## Core Position
The Bible is the inspired, inerrant Word of God in its original writings. God breathed it out through human authors who wrote with their own personalities, languages, and cultural contexts — but under the Holy Spirit's direction so that what they produced is exactly what God intended. It is without error in all that it affirms. It is the final, sufficient, and trustworthy authority for all matters of faith and practice.
Inerrancy applies to the original autographs. No translation is inerrant — but the manuscript tradition is so well preserved that no core Christian doctrine is affected by any textual variant.
Supporting Scripture
2 Timothy 3:16 — "All Scripture is breathed out by God and profitable for doctrine, for reproof, for correction, for training in righteousness." God-breathed — not merely human wisdom. All Scripture.
2 Peter 1:20-21 — "No prophecy of Scripture comes from someone's own interpretation. For no prophecy was ever produced by the will of man, but men spoke from God as they were carried along by the Holy Spirit." Human authors, divine direction. The Spirit carried them.
John 10:35 — "Scripture cannot be broken." Jesus's own statement on the inviolability of Scripture.
Matthew 5:18 — "Until heaven and earth pass away, not an iota, not a dot, will pass from the Law." Every word is preserved and purposeful.
Psalm 119:160 — "The sum of your word is truth."
Proverbs 30:5 — "Every word of God proves true."
Isaiah 40:8 — "The grass withers, the flower fades, but the word of our God will stand forever."
How Inspiration Works
God did not dictate robotically — He inspired. The human authors wrote with their own vocabulary and literary style (Luke's Greek is polished; Mark's is urgent), historical context and cultural background, personal perspective and pastoral concern.

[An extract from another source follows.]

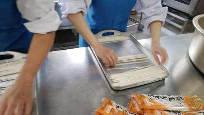 *うどん(乾めん)に異物がついていないか検品しているところです。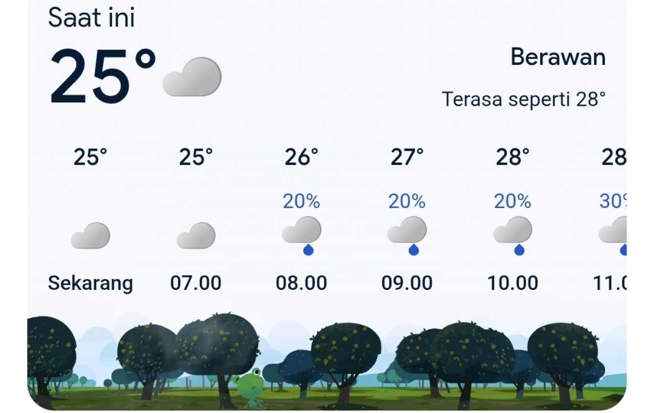 Memasuki pagi hingga menjelang siang, hujan ringan diperkirakan mulai turun secara merata. Pada rentang waktu pukul 07.00 hingga 12.00 WIB, suhu udara meningkat hingga 28 derajat Celsius, dengan peluang hujan ringan berkisar antara 20 hingga 30 persen. Kondisi ini membuat udara terasa cukup lembap, meski aktivitas masyarakat masih dapat berjalan seperti biasa.

Yet the Spirit directed so precisely that the result is exactly what God intended — without error in what it affirms. This is the doctrine of concursive inspiration — fully human and fully divine simultaneously, the same pattern as the Incarnation.
Inerrancy vs. Translation
Inerrancy applies to the original autographs — the manuscripts as originally written. No copy or translation is inerrant. However:
- The manuscript tradition for the NT is extraordinarily well preserved — over 5,800 Greek manuscripts, far more than any other ancient document.
- The differences between manuscript families (NA27/Critical Text vs. Byzantine) affect less than 1% of the text.
- No core Christian doctrine hangs on any textual variant.
- Translations are studied, compared, and refined — a good translation carries the Word faithfully even if not inerrantly.
When translations differ, go to the original languages. Pastor Charlie corrected the KJV addition of "fasting" in Mark 9:29 using the ESV Greek text — demonstrating that inerrancy is located in the original text, not any particular English version.
What This Rejects
Scripture contains errors — rejected: John 10:35, 2 Timothy 3:16.
Scripture is only partially inspired — rejected: 2 Timothy 3:16 — all Scripture is breathed out by God.
King James Only inerrancy — rejected: inerrancy applies to original autographs, not to any translation. Textual criticism is a valid and necessary discipline.
Scripture is a merely human document — rejected: 2 Peter 1:21 — men spoke from God as they were carried along by the Holy Spirit.
Inerrancy = dictation theory — rejected: the human authors' personalities and styles are evident throughout. Inspiration is concursive, not mechanical.